Task data Block Start

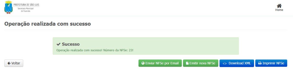 - Será possível imprimir a NFS-e, baixar o arquivo ou realizar outras ações disponíveis no sistema
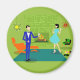 Este Meio século Modern Casal Magnet parece uma cena de uma comédia romântica. A design de arte minimalista ao estilo de 1960 apresenta um casal de desenho animado atraente desfrutando de uma noite romântica em casa. A sala sofisticada destaca uma parede verde de pedra com um fogo em chamas na lareira. Os fornos na sala incluem uma cadeira laranja, salgada com bancada correspondente, um relógio vermelho, starburst wall, um monitor amarelo, sputnik, e uma mesa lateral laranja, que abriga um gravador verde e portátil. No chão ao lado da mesa final, um registro de vinil pode ser visto saindo de um cobrir de álbum de kitschy. No centro do chão verde, há um tapete grande, retangular, lacrimogêneo. No meio da cena, temos um casal muito sofisticado. Há um homem suave em um terno azul real, camisa branca e gravata arco azul. O homem alto, escuro e bonito está olhando para seu adorável companheiro. A elegante mulher cabeleira está vestindo um vestido de aqua flouncy. Cada um deles segurando um vidro de cristal martini com uma azeitona flutuante. Saúde! Aqui está a noite perfeita em casa!
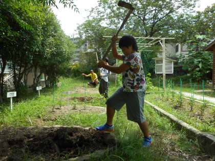 今回は,大根の種まきをしました。まず,スコップや鍬で土をしっかりと耕し,雑草を抜いて,畝を作りました。そして,一定の間隔をあけて穴を掘り,種を蒔きました。この大根を使ってできるメニューをみんなで考えて,調理実習をする予定です。
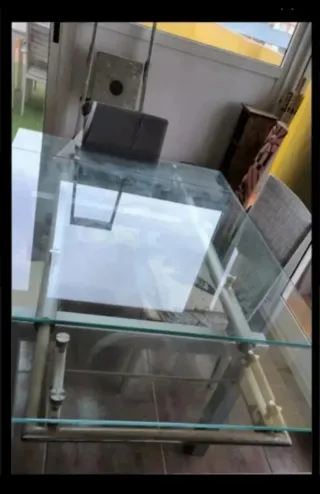 Sólo disponible por 3 días. Mesa de salón de cristal y metal, en buen estado. Puedes elegir entre : 2 mesas Escritorios, 3 espejo, mesa de centro de cristal, 2 sillas de piel, 1 silla de piel sintética. - Patas metálicas resistentes. - Estructura metálica plateada. - Tapa de cristal transparente. - Ideal para cualquier salón.
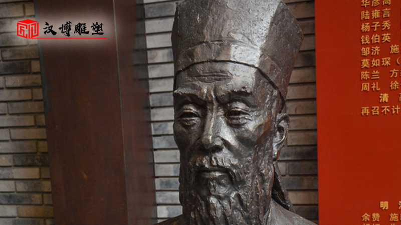 旅游地展出的王陽(yáng)明人物銅雕像展覽
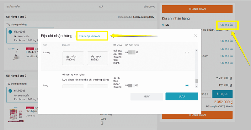 - Bước 2: Sau đó, bạn chọn thêm địa chỉ hoặc chỉnh sửa địa chỉ nhận hàng mà bạn đã lưu.
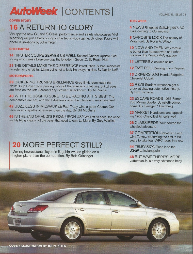 Reviews AUTOWEEK 2005 JUNE 13 - M-B S/CL CLASS, AVALON, '55 FERRARI 750 MONZA SPYDER

Task data Block End

About this task: In the data above, the stretch from the line with "Este Meio século" through the line with "旅游地展出的王陽(yáng)明人物銅雕像展覽" is to be returned exactly, minus any pictures.

Solution:
 Este Meio século Modern Casal Magnet parece uma cena de uma comédia romântica. A design de arte minimalista ao estilo de 1960 apresenta um casal de desenho animado atraente desfrutando de uma noite romântica em casa. A sala sofisticada destaca uma parede verde de pedra com um fogo em chamas na lareira. Os fornos na sala incluem uma cadeira laranja, salgada com bancada correspondente, um relógio vermelho, starburst wall, um monitor amarelo, sputnik, e uma mesa lateral laranja, que abriga um gravador verde e portátil. No chão ao lado da mesa final, um registro de vinil pode ser visto saindo de um cobrir de álbum de kitschy. No centro do chão verde, há um tapete grande, retangular, lacrimogêneo. No meio da cena, temos um casal muito sofisticado. Há um homem suave em um terno azul real, camisa branca e gravata arco azul. O homem alto, escuro e bonito está olhando para seu adorável companheiro. A elegante mulher cabeleira está vestindo um vestido de aqua flouncy. Cada um deles segurando um vidro de cristal martini com uma azeitona flutuante. Saúde! Aqui está a noite perfeita em casa!
 今回は,大根の種まきをしました。まず,スコップや鍬で土をしっかりと耕し,雑草を抜いて,畝を作りました。そして,一定の間隔をあけて穴を掘り,種を蒔きました。この大根を使ってできるメニューをみんなで考えて,調理実習をする予定です。
 Sólo disponible por 3 días. Mesa de salón de cristal y metal, en buen estado. Puedes elegir entre : 2 mesas Escritorios, 3 espejo, mesa de centro de cristal, 2 sillas de piel, 1 silla de piel sintética. - Patas metálicas resistentes. - Estructura metálica plateada. - Tapa de cristal transparente. - Ideal para cualquier salón.
 旅游地展出的王陽(yáng)明人物銅雕像展覽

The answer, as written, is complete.